Don’t build financial models that look like @$%*&

I had a meeting in Soho house the other day. It was a sunny Wednesday afternoon. It was packed with beautiful people, media and PR types, chilling by the pool. Seemingly their job are to see and be seen – a triumph of style over substance. I was there in my suit, a slightly overweight middle aged man, attracting nothing but awkward sideways glances from the beautiful people. What are YOU doing here with US?

It is a sad fact, but in this world, appearances can count for a lot. For many people, if it looks good, it is good. If it looks bad, it is BAD.

And so it goes with financial models.

I have seen many financial models, which are beautifully presented, but when you take a look under the hood at the substance, they are shockingly put together, badly structured and filled with horrific formulae.

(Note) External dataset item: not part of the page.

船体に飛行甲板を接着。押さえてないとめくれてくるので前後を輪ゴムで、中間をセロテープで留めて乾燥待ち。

And guess what……..people love them. Many senior managers do not have the time (or the inclination) to delve into the detail of financial models and so, if it looks good they will take as read that the answer is right and they don’t care about the underlying structure. As we all know, this often does not end well.

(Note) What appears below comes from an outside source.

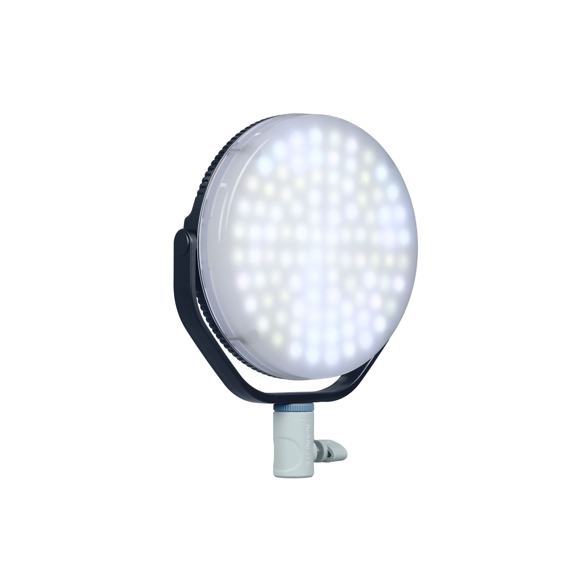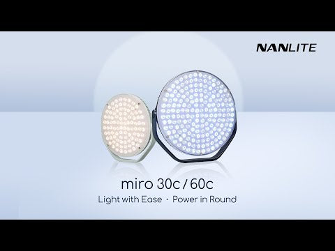 The Nanlite miro 30C is a full-color LED panel light with a compact, round body that's perfect for lighting podcasts and livestreams, and as a battery-powered standalone light for shooting videos, photos, and all types of content creation. Whether you're using the built-in controls or Bluetooth, it's easy to dial-in just the right look and brightness for warm and cool white light, and 36,000 different colors. This model is available in a stylish Mint Blue or Midnight Blue body.

On the other hand, I have seen many financial models that are beautifully structured, the calculation logic is simple, robust, transparent and easy to understand, but…….no time and effort has been given to the look and feel. Output information has not been well laid out and charts and summary information are either not present or are poorly presented. Guess what, many senior managers don’t like them at all. If it looks bad at a superficial level, it is BAD. If the model looks bad, trust in its output will be low.

Do yourself a favour, build models with substance AND style. When it comes to financial modelling, as in life, good looks can get you a long way.